### Assigned task
Reprint each record exactly. Pictures are not reprinted.

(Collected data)
━━━━━━━━━━

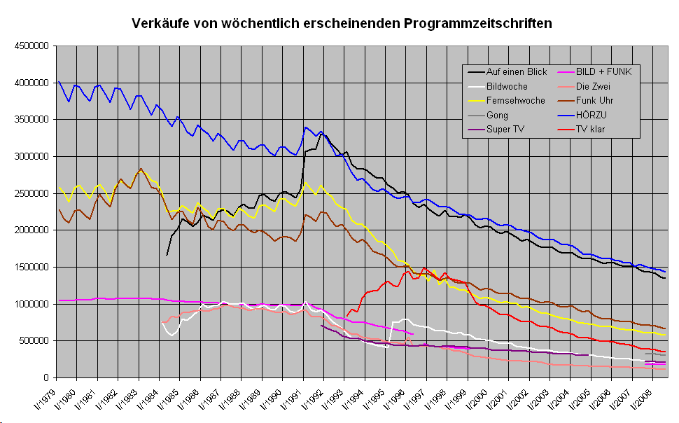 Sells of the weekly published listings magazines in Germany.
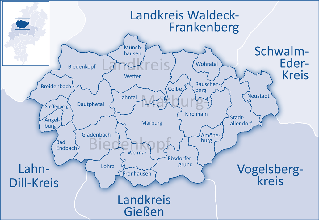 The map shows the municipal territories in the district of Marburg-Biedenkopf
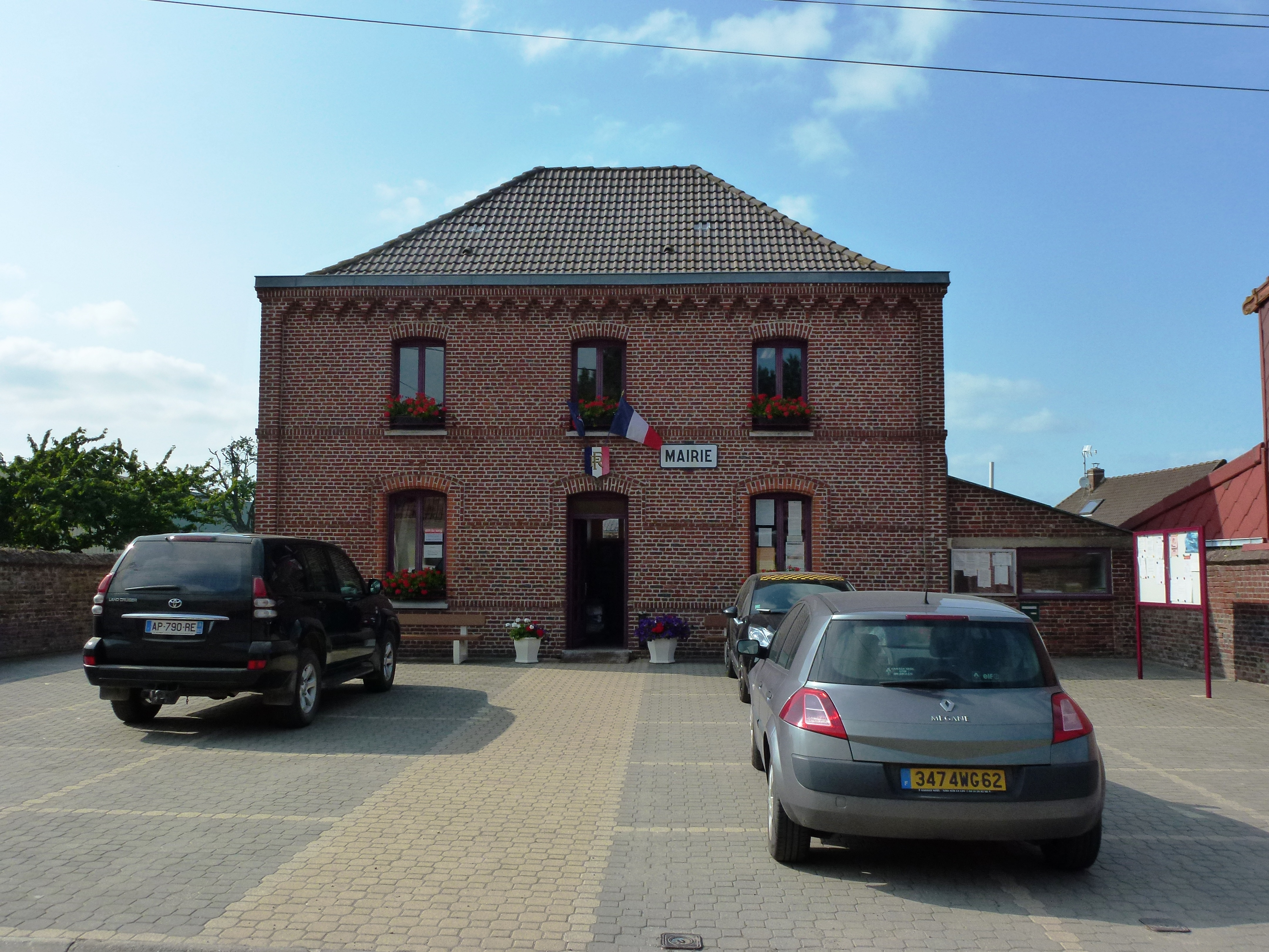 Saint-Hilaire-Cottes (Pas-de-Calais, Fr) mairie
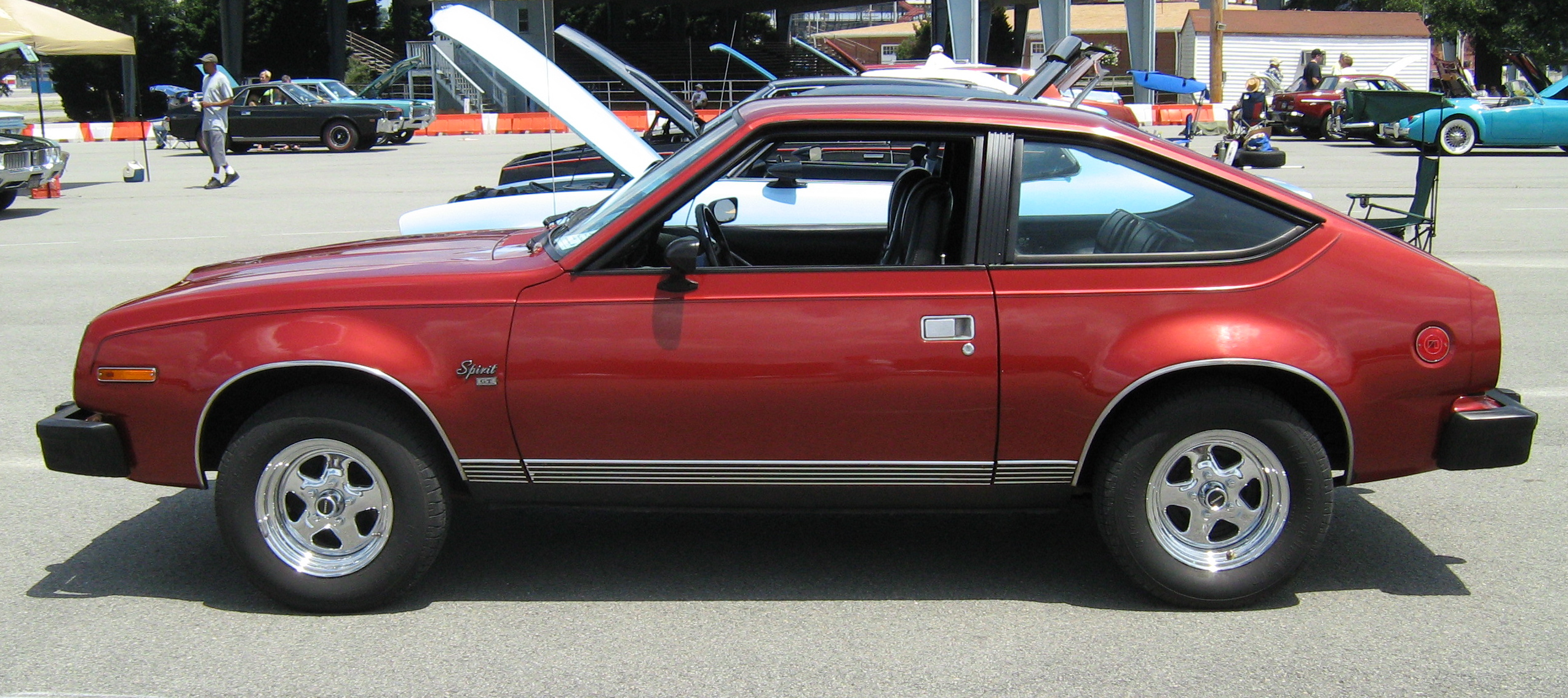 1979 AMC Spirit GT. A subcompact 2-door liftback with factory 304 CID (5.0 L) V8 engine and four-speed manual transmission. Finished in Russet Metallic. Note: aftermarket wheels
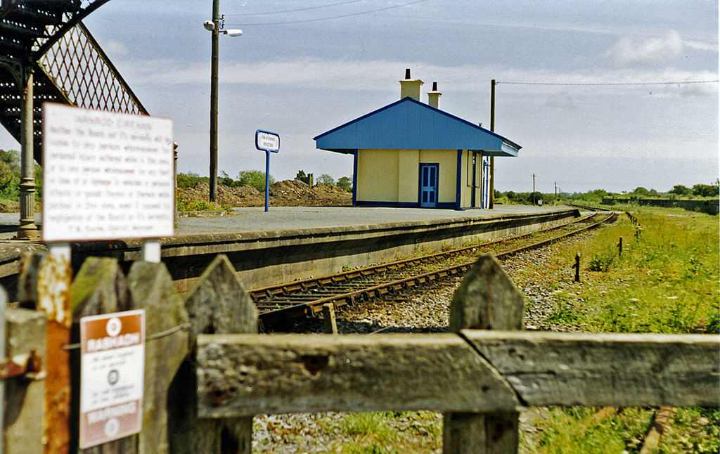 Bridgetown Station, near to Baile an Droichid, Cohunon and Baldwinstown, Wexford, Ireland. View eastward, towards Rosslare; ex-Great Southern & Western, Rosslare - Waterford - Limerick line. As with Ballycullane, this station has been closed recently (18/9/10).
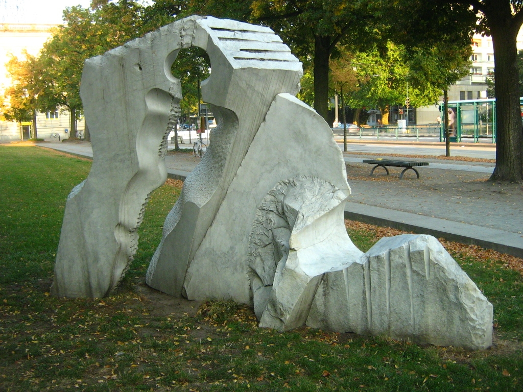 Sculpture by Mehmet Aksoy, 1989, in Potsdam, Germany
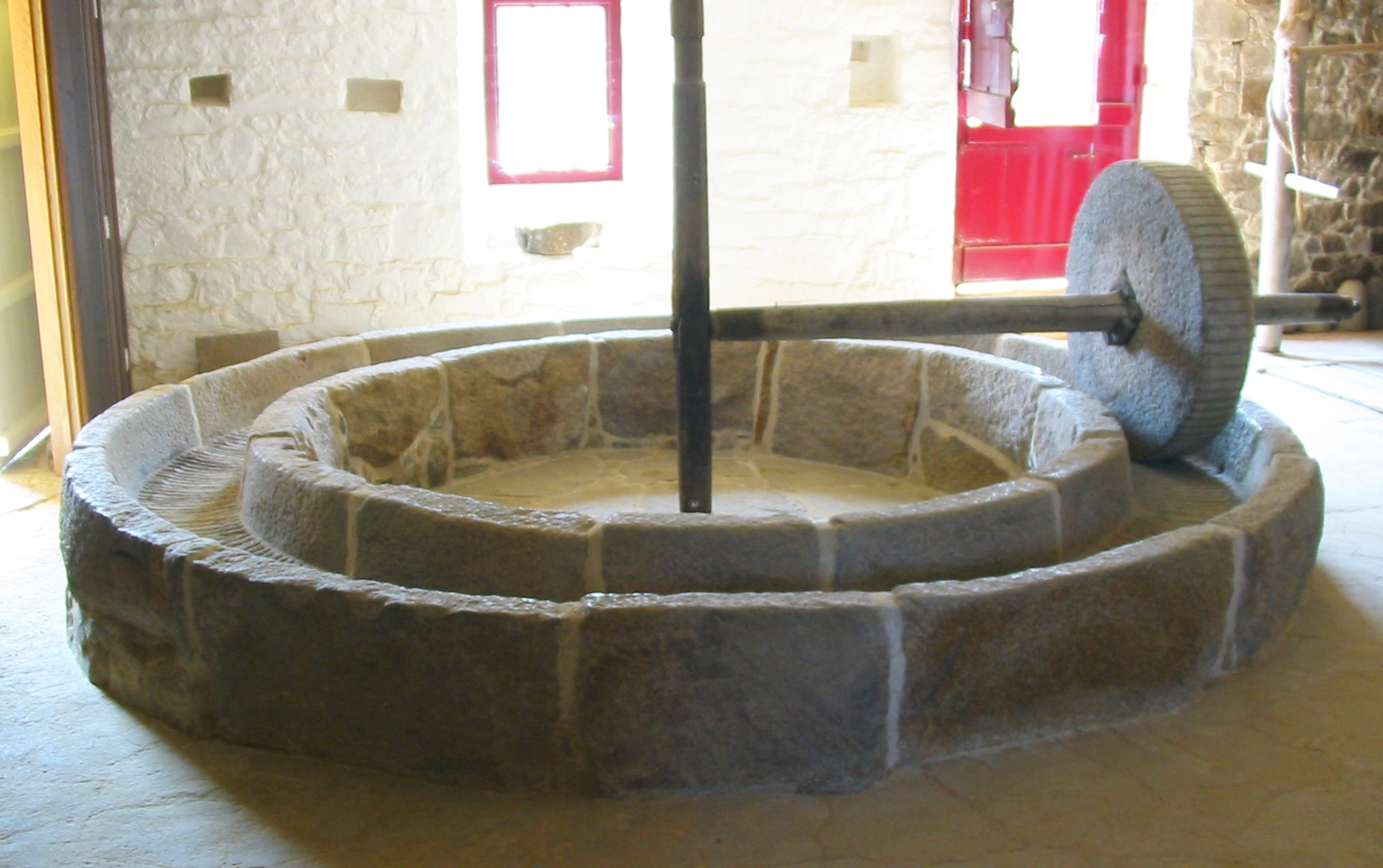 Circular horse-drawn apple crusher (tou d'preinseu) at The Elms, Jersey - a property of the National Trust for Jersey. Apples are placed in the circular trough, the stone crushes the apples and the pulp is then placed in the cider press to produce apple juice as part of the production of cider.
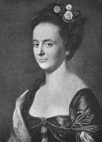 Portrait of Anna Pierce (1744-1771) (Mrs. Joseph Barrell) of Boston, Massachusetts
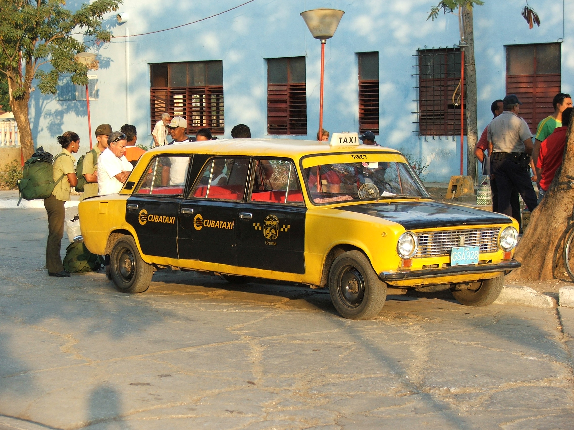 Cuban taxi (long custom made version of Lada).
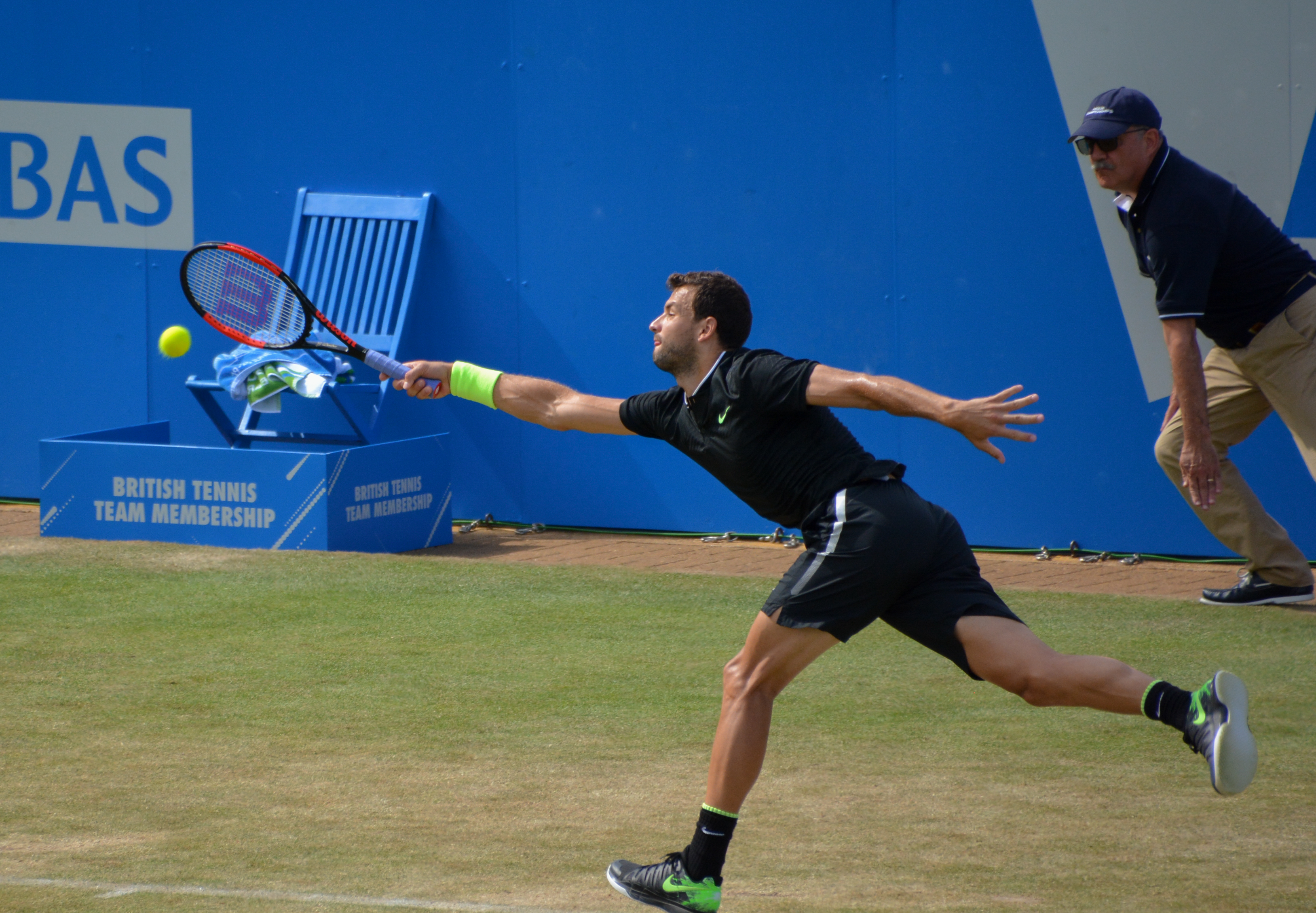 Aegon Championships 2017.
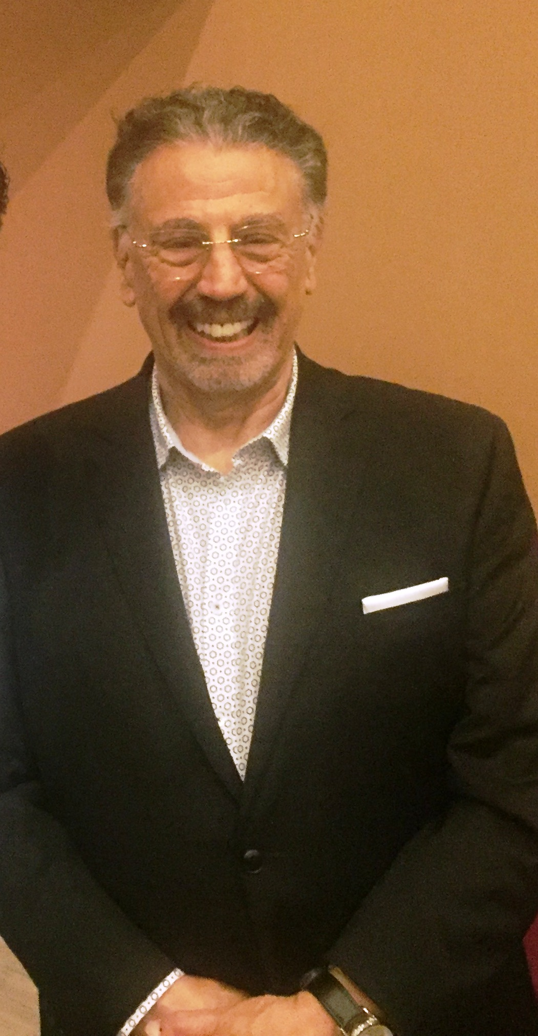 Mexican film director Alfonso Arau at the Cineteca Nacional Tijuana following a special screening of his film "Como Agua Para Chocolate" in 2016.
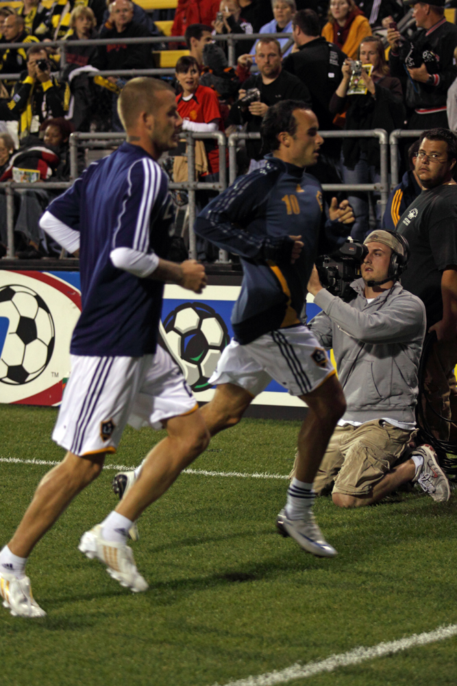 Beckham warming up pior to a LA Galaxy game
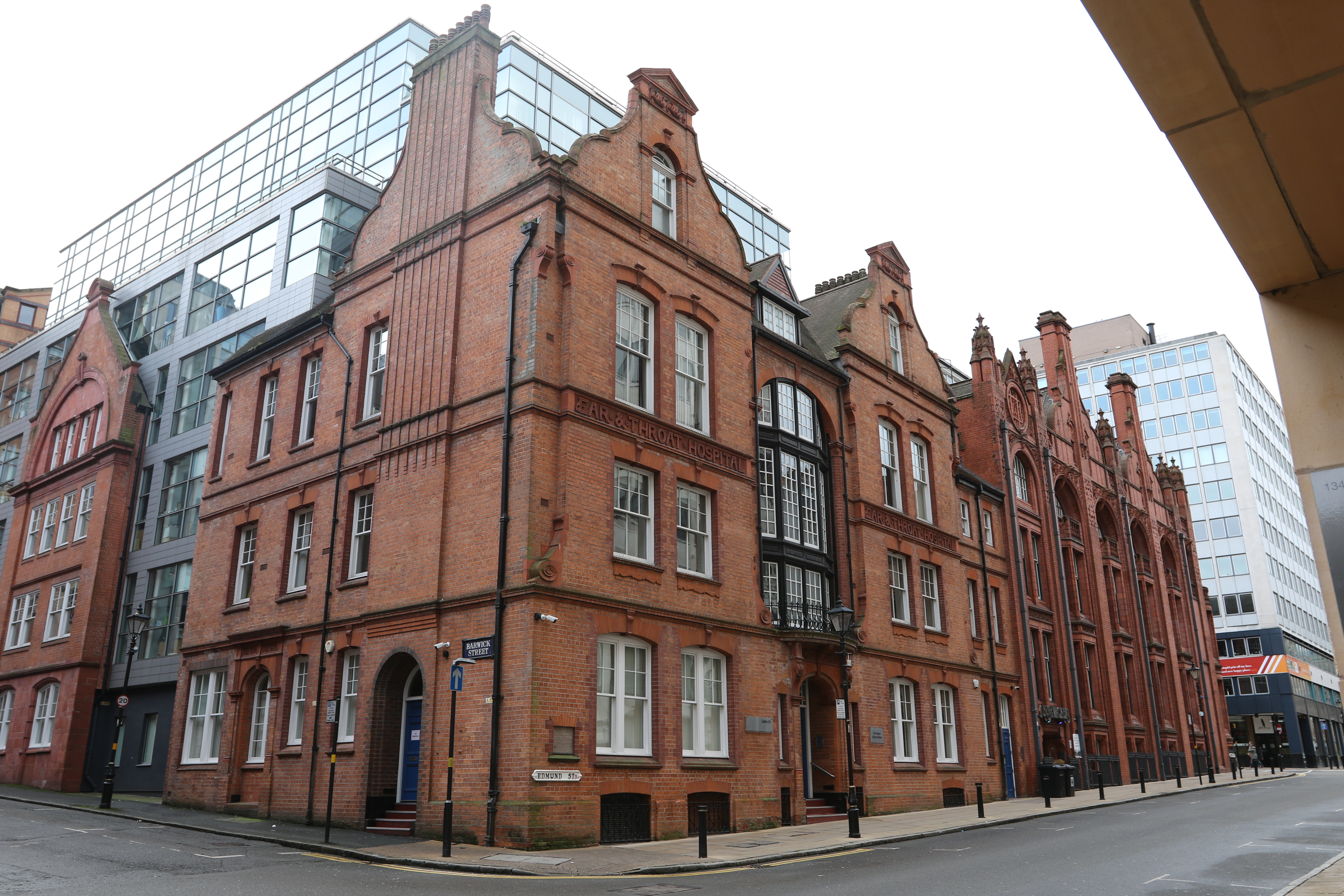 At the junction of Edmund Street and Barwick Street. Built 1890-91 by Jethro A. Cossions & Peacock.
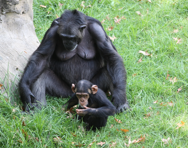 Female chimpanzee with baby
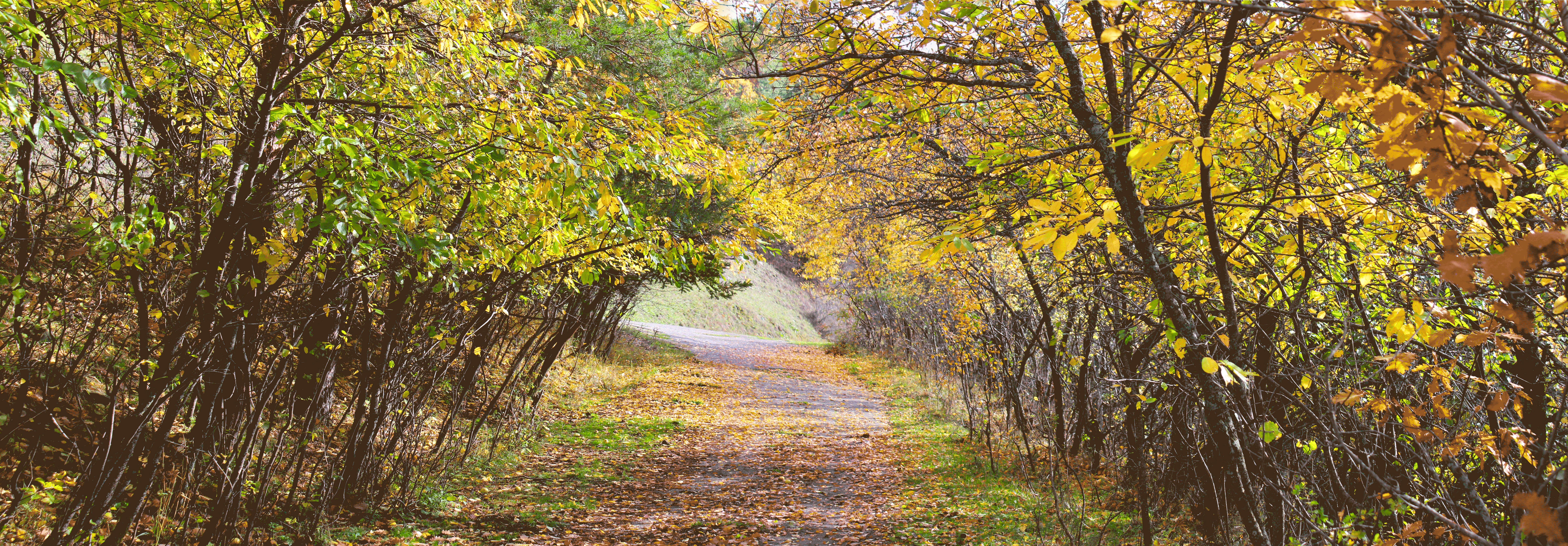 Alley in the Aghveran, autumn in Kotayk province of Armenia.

━━━━━━━━━━

### Solution for this exercise
 Sells of the weekly published listings magazines in Germany.
 The map shows the municipal territories in the district of Marburg-Biedenkopf
 Saint-Hilaire-Cottes (Pas-de-Calais, Fr) mairie
 1979 AMC Spirit GT. A subcompact 2-door liftback with factory 304 CID (5.0 L) V8 engine and four-speed manual transmission. Finished in Russet Metallic. Note: aftermarket wheels
 Bridgetown Station, near to Baile an Droichid, Cohunon and Baldwinstown, Wexford, Ireland. View eastward, towards Rosslare; ex-Great Southern & Western, Rosslare - Waterford - Limerick line. As with Ballycullane, this station has been closed recently (18/9/10).
 Sculpture by Mehmet Aksoy, 1989, in Potsdam, Germany
 Circular horse-drawn apple crusher (tou d'preinseu) at The Elms, Jersey - a property of the National Trust for Jersey. Apples are placed in the circular trough, the stone crushes the apples and the pulp is then placed in the cider press to produce apple juice as part of the production of cider.
 Portrait of Anna Pierce (1744-1771) (Mrs. Joseph Barrell) of Boston, Massachusetts
 Cuban taxi (long custom made version of Lada).
 Aegon Championships 2017.
 Mexican film director Alfonso Arau at the Cineteca Nacional Tijuana following a special screening of his film "Como Agua Para Chocolate" in 2016.
 Beckham warming up pior to a LA Galaxy game
 At the junction of Edmund Street and Barwick Street. Built 1890-91 by Jethro A. Cossions & Peacock.
 Female chimpanzee with baby
 Alley in the Aghveran, autumn in Kotayk province of Armenia.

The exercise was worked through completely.